╭─ COLLECTED DATA

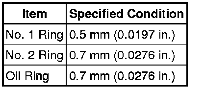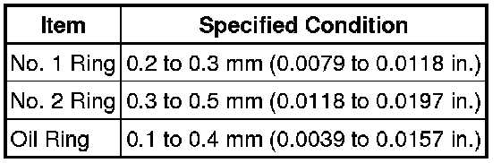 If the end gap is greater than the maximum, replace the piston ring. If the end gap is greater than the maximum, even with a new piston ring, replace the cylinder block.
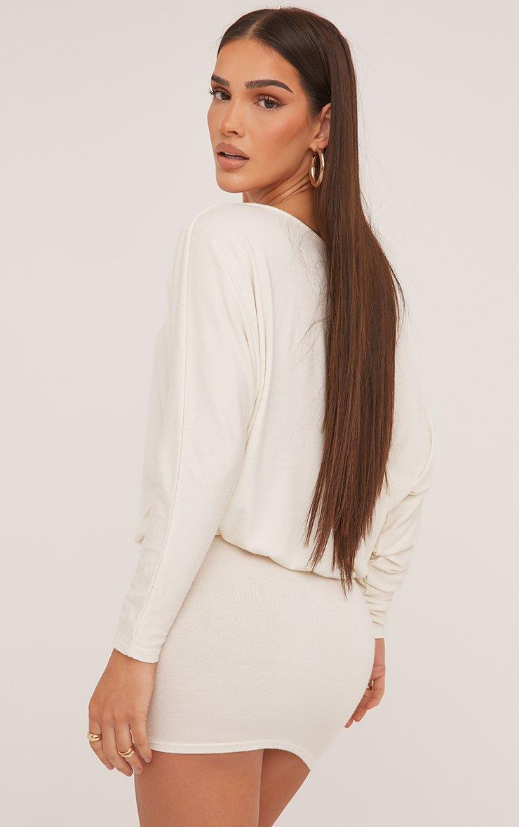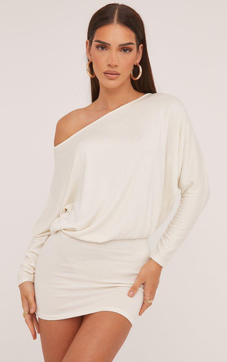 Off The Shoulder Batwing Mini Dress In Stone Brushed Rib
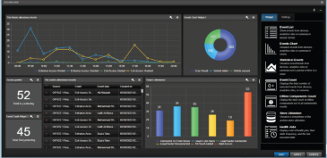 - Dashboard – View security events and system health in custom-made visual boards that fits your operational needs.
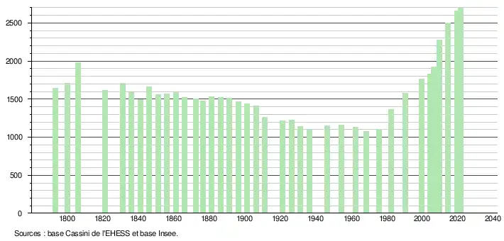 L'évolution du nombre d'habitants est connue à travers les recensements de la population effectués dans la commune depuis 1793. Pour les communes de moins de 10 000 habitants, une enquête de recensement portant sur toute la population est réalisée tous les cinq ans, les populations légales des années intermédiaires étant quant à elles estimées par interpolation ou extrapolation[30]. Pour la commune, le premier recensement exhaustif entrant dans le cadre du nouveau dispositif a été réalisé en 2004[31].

╰─

__WHAT THIS TASK INVOLVES__
Leave the pictures out, and transcribe exactly the lines above starting at the one that contains "Off The Shoulder" and ending at the one that contains "- Dashboard –".

__EXPECTED OUTPUT__
 Off The Shoulder Batwing Mini Dress In Stone Brushed Rib
 - Dashboard – View security events and system health in custom-made visual boards that fits your operational needs.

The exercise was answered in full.